We assumed the misclassification matrix to be constant over age and the test sensitivity of progressive and non-progressive PCDP cases to be the same due to non-differential pathological findings (that is, Pr(Y(t) = 2| X(t) = 2) = Pr(Y(t) = 2| X(t) = 4) = S ). In addition, a false-negative case was assumed to be detected in the next screening round (if not detected clinically before that) to simplify the likelihood function [8].

Maximum likelihood estimation

The individual observed states identified from the screening histories combined with the outcomes of screening were used to construct the likelihood function through the transition probabilities. The transition probabilities can be derived from the transition rates by solving the forward Kolmogorov equation [11]. The likelihood function was similar to that used by Wu et al. [8]. In brief, the likelihood contribution of a sequence of observations on an individual subject can be represented by transition probabilities and misclassification probabilities according to the observed states [12]. Since individual screening histories were collected from age 50, the transition rates before age 50 were intractable. The transition rate from state 1 to state 2 for time interval [40, 50) was obtained from the average age-specific incidence in 1989–2004 in Stockholm as reported in the cancer register [13]. Because the closed-form solutions of parameters did not exist, a numerical procedure was required to estimate the parameters and maximize the likelihood.
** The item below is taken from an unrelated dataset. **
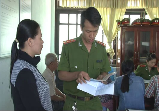 Đại úy Mai Văn Hiển hướng dẫn các thủ tục cho công dân. |

The quasi-Newton (Broyden–Fletcher–Goldfarb–Shanno) and Nelder–Mead methods were used to find the maximum likelihood estimates (MLEs) using the package optimx in R software [14]. We applied the Karush–Kuhn–Tucker conditions to determine whether the −2*log likelihood indeed converged [15]. The standard errors of the estimates of parameters were obtained from the inverse of the Hessian matrix of the maximized log-likelihood function. A homogeneous Markov model based on constant transition rates was also estimated, and likelihood ratio test was used to compare the homogeneous and non-homogeneous models. All calculations were performed using the R statistical software.
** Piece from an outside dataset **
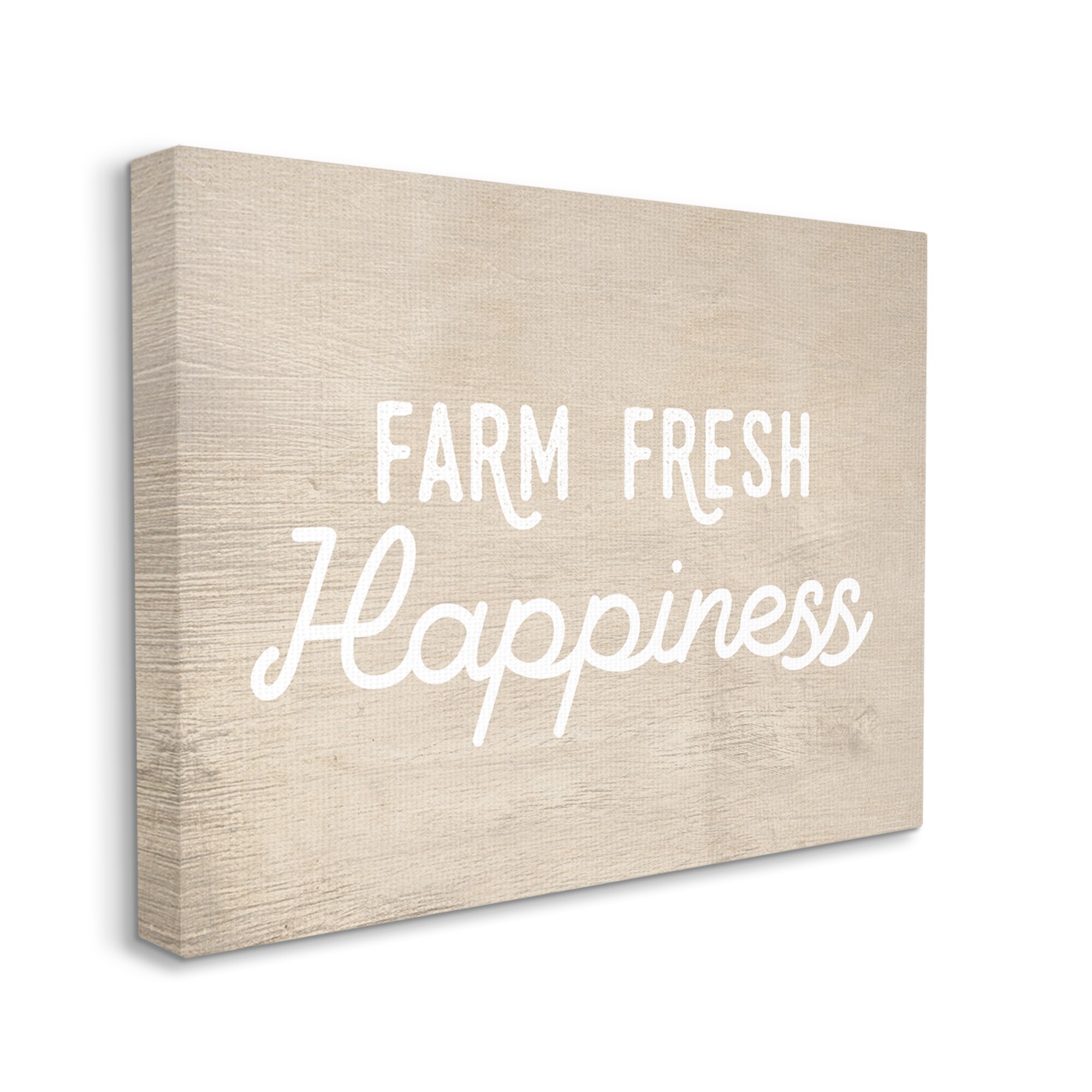 Stupell Industries Farm Fresh Happiness Phrase Text over Rustic Pattern Canvas Wall Art - Tan

To check whether the model fitted the data, the observed and expected cumulative incidence curves in the ever-attenders were plotted. The expected number of BC cases was calculated on the basis of the individual screening histories and MLEs of parameters. The annual observed incidence rate was first calculated and the expected number of BC cases in each year was calculated by summing the probability that an individual was in PCDP or CP given her previous states over all at-risk subjects. Follow-up of clinically detected cases was continued until the next supposed examination time (two years after latest scheduled time) [16].

Estimation of frequency of overdiagnosis

There are several different definitions of overdiagnosis in the literature because of the choice of denominator [17]. In the present study, overdiagnosis due to screen detection of non-progressive cancer was estimated. We used the number of screen-detected cases as the denominator and the expected number of detected non-progressive BCs as the numerator. Here, the expected number was calculated as the number of screen-detected cases at each screening round multiplied by the estimated probability that a detected BC would be non-progressive. The estimated probability was calculated as follows:

$$ {\displaystyle \begin{array}{l}\frac{\Pr \left(\mathrm{a}\kern0.28em \mathrm{non}-\mathrm{progressive}\kern0.28em \mathrm{BC}\kern0.28em \mathrm{is}\kern0.34em \mathrm{delected}\kern0.28em \mathrm{at}\kern0.28em {t}_k\right)}{\Pr \left(\mathrm{a}\kern0.28em \mathrm{non}-\mathrm{progressive}\kern0.28em \mathrm{BC}\kern0.28em \mathrm{is}\kern0.34em \mathrm{delected}\kern0.28em \mathrm{at}\kern0.28em {t}_k\right)+\Pr \left(\mathrm{a}\kern0.28em \mathrm{progressive}\kern0.28em \mathrm{BC}\kern0.28em \mathrm{is}\kern0.34em \mathrm{delected}\kern0.28em \mathrm{at}\kern0.28em {t}_k\right)}\\ {}=\frac{\left({A}_1+{A}_2\right)}{\left({A}_1+{B}_1\right)+\left({A}_2+{B}_2\right)}\\ {}=\frac{{\hat{P}}_{11}\left({t}_{k-2},{t}_{k-1}\right)\times {\hat{P}}_{14}\left({t}_{k-1},{t}_k\right)\times \hat{S}+{\hat{P}}_{14}\left({t}_{k-2},{t}_{k-1}\right)\times \left(1-\hat{S}\right)}{\left\{{\hat{P}}_{11}\left({t}_{k-2},{t}_{k-1}\right)\times \left({\hat{P}}_{14}\left({t}_{k-1},{t}_k\right)+{\hat{P}}_{12}\left({t}_{k-1},{t}_k\right)\right)\times \hat{S}+\left({\hat{P}}_{14}\left({t}_{k-2},{t}_{k-1}\right)+{\hat{P}}_{12}\left({t}_{k-2},{t}_{k-1}\right)\times {\hat{P}}_{22}\left({t}_{k-1},{t}_k\right)\right)\times \left(1-\hat{S}\right)\right\}\operatorname{}}\end{array}} $$

Here, k denotes the screening round and the corresponding age is tk \( {\widehat{P}}_{ij}\left({t}_{k-1},{t}_k\right) \) represents the estimated transition probability from state i at time tk − 1 to state j at time tk, and\( \widehat{S} \)denotes the estimated test sensitivity. The first part of the denominator represents the probability of a subject who stays in state 1 before tk − 1, transits to either state 4 (A1) or state 2 (B1) between tk − 1 and tk, and then is detected by screening. The second part of the denominator represents the probability of a subject who transits to state 4 (A2) or 2 (B2) between tk − 2and tk − 1 but is not detected at time tk − 1 and stays in same state at time tk. Because the probability for staying in state 4 is one, it is omitted from the equation. The numerator represents the probability of a subject who transits from state 1 to state 4 between either time tk − 1 and tk (A1) or tk − 2 and tk − 1(A2).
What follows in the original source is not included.